Crandore Hub

cellGeometry

Geometric Single Cell Deconvolution

Deconvolution of bulk RNA-Sequencing data into proportions of cells based on a reference single-cell RNA-Sequencing dataset using high-dimensional geometric methodology <doi:10.64898/2026.01.24.701240>.

README

# Geometric single cell deconvolution

[![CRAN_Status_Badge](https://www.r-pkg.org/badges/version/cellGeometry)](https://cran.r-project.org/package=cellGeometry)
[![Downloads](https://cranlogs.r-pkg.org/badges/cellGeometry)](https://CRAN.R-project.org/package=cellGeometry)
[![Downloads](https://cranlogs.r-pkg.org/badges/grand-total/cellGeometry)](https://CRAN.R-project.org/package=cellGeometry)

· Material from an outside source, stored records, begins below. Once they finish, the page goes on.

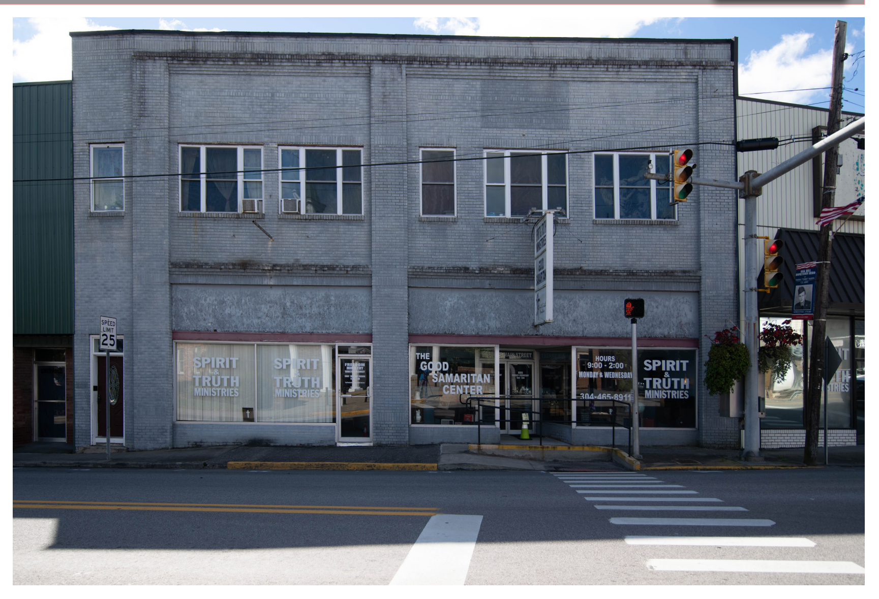
108 Main Street Color is drab, architectural features obscured. Too much signage.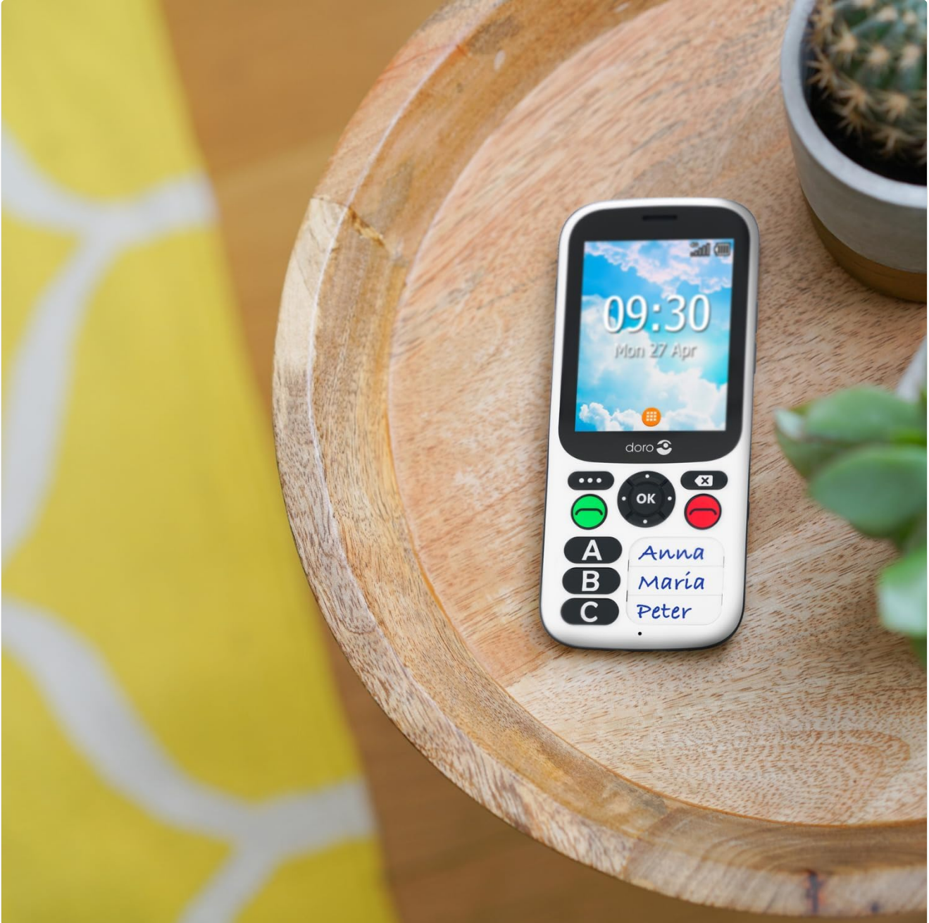
Image: The Doro 780X phone placed in its charging cradle for convenient charging.

Before first use, fully charge the phone. Place the phone in the charging cradle or connect the wall charger directly to the phone.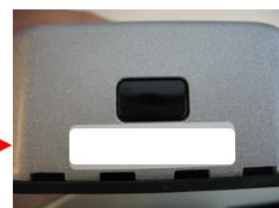
Attach to the bottom of the product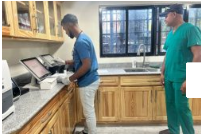
State-of-the-art animal care hospital to offer services here soon 19 h ago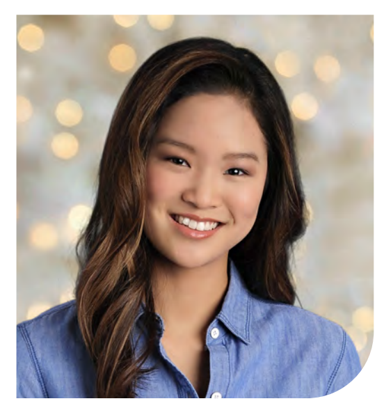
BACKGROUNDS AVAILABLE ONLINE! ¡NUEVOS FONDOS DE OTOÑO DISPONIBLES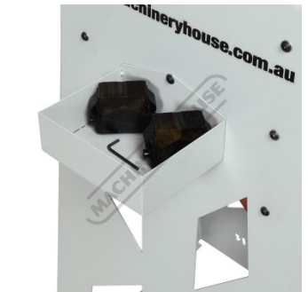
Die Holder Tool Tray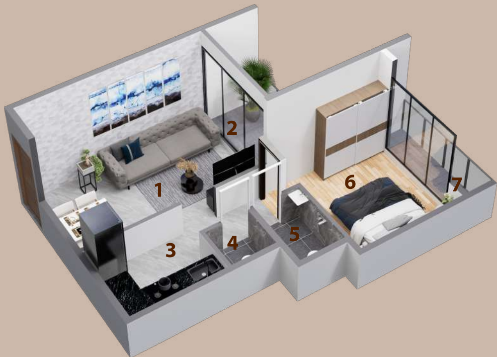
1 BHK Type A (X04-X08)

Regency Landmark is designed to provide its residents with a modern and comfortable lifestyle. The Building is equipped with all the latest amenities and facilities, including a Mini Gym, Clubhouse, children's play area and Security features like Video door phones and CCTVs. The Building offers a range of apartment configurations to suit the diverse needs of its residents. These configurations include 1 BHK and 2 BHK apartments.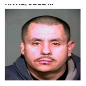
Charge/Offense Rape by force or fear.

Location Details 2727 N Sierra Way, San Bernardino, CA 92405-3553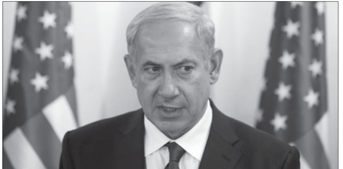
Israeli Prime Minister Benjamin Netanyahu refuses to deal with anyone who wishes the destruction of Israel, yet he is actively pursuing the complete annihilation of Palestine.

At least partly because of this unspeakable inequality by the US since 2000, 1,109 Israelis have been killed in conflicts with Palestinians, yet 6,862 Palestinians have been killed. Among the population of children, 129 Israeli children have died, and at least 1,523 Palestinian

Ultrafast deconvolution of bulk RNA-Seq datasets using a single-cell RNA-Seq
reference dataset in which cell clusters have been defined.

### Installation

Bioconductor version >=3.20 must be installed first for this package to install
correctly. For full package functionality, particularly with sparse matrices
stored on disc in the h5ad format, we recommend that the Bioconductor packages
zellkonverter, rhdf5 and HDF5Array must also be installed to be able to read
h5ad files. If you are using Seurat, then it needs to be installed. We also
recommend installing AnnotationHub to enable conversion of ensembl gene ids to
symbols.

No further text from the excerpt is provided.